Each line below should be repeated exactly as written, with no pictures carried over.

Input data -
◆ ◆ ◆ ◆

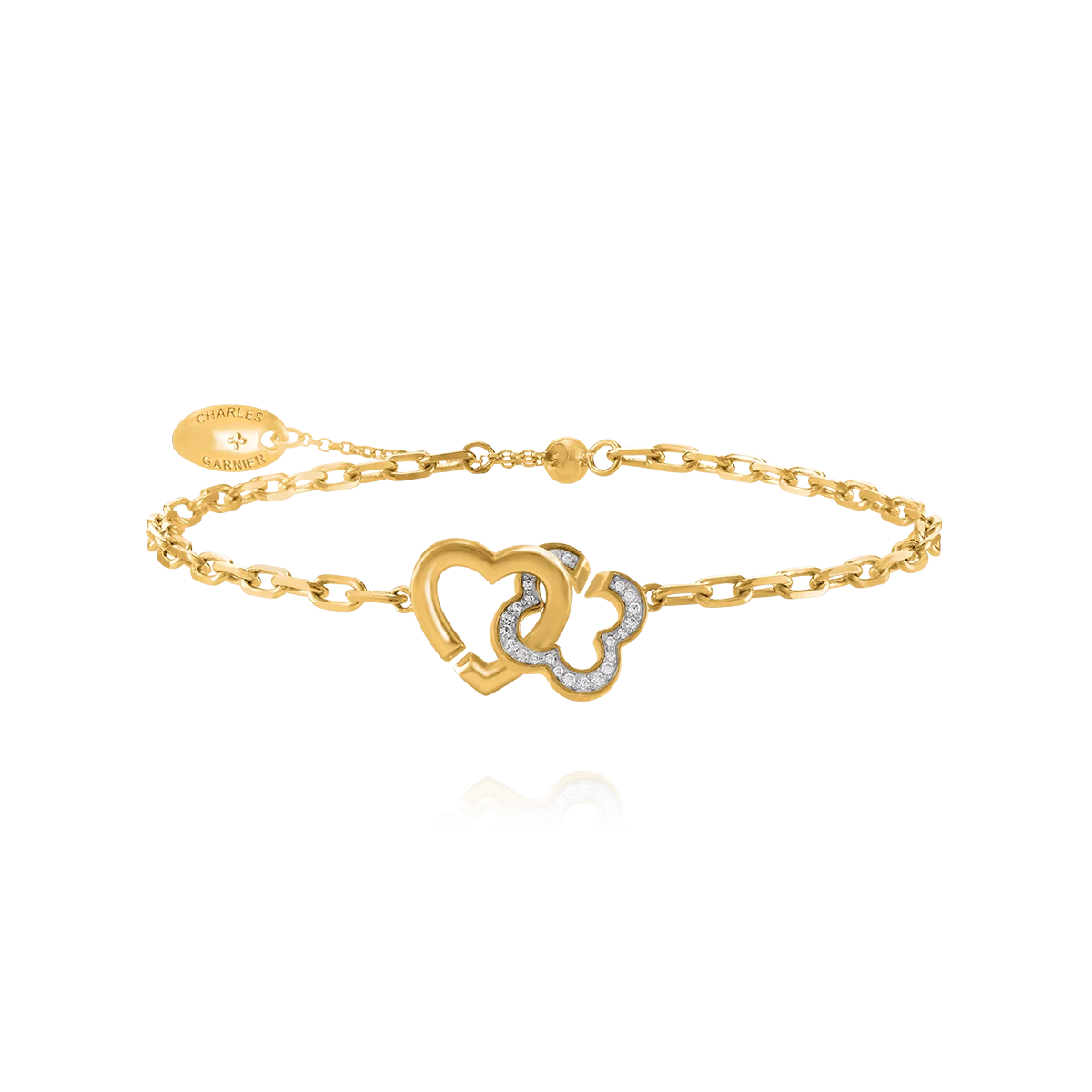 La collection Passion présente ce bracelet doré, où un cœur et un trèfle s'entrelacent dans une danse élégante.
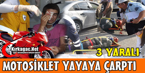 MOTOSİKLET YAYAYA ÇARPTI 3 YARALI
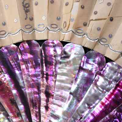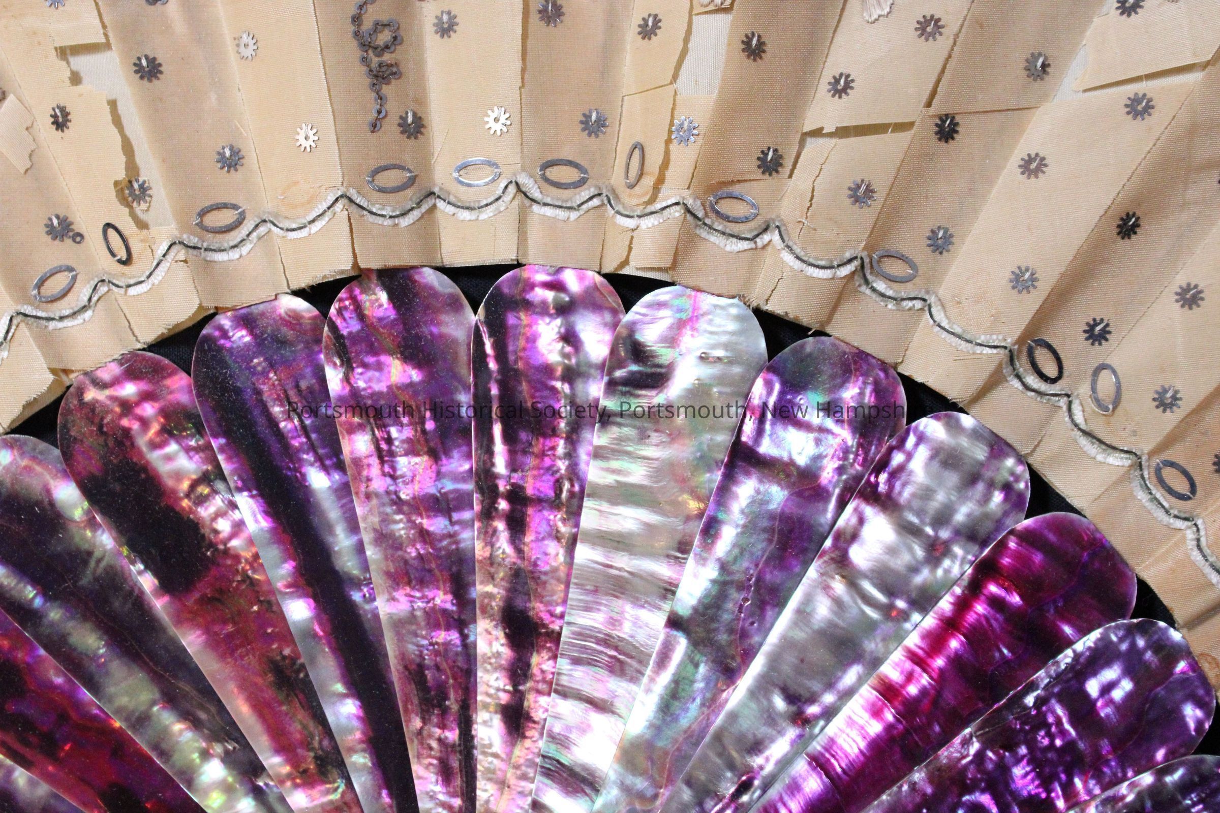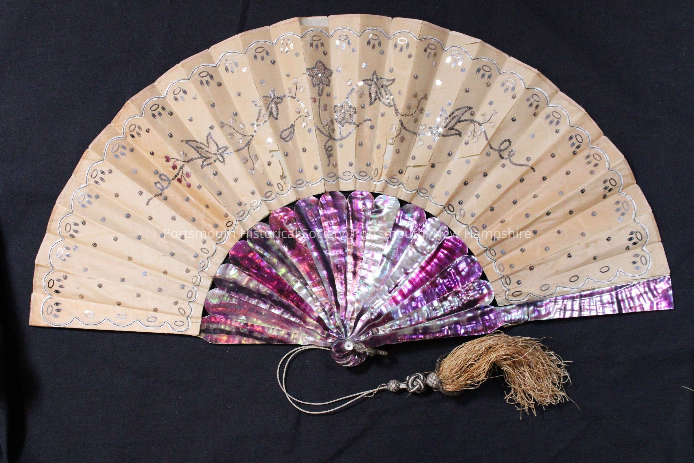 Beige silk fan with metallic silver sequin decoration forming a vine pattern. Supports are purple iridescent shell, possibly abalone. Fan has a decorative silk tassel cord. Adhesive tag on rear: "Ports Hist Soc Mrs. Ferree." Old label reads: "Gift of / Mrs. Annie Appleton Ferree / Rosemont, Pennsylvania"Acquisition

◆ ◆ ◆ ◆

Answer section -
 La collection Passion présente ce bracelet doré, où un cœur et un trèfle s'entrelacent dans une danse élégante.
 MOTOSİKLET YAYAYA ÇARPTI 3 YARALI
 Beige silk fan with metallic silver sequin decoration forming a vine pattern. Supports are purple iridescent shell, possibly abalone. Fan has a decorative silk tassel cord. Adhesive tag on rear: "Ports Hist Soc Mrs. Ferree." Old label reads: "Gift of / Mrs. Annie Appleton Ferree / Rosemont, Pennsylvania"Acquisition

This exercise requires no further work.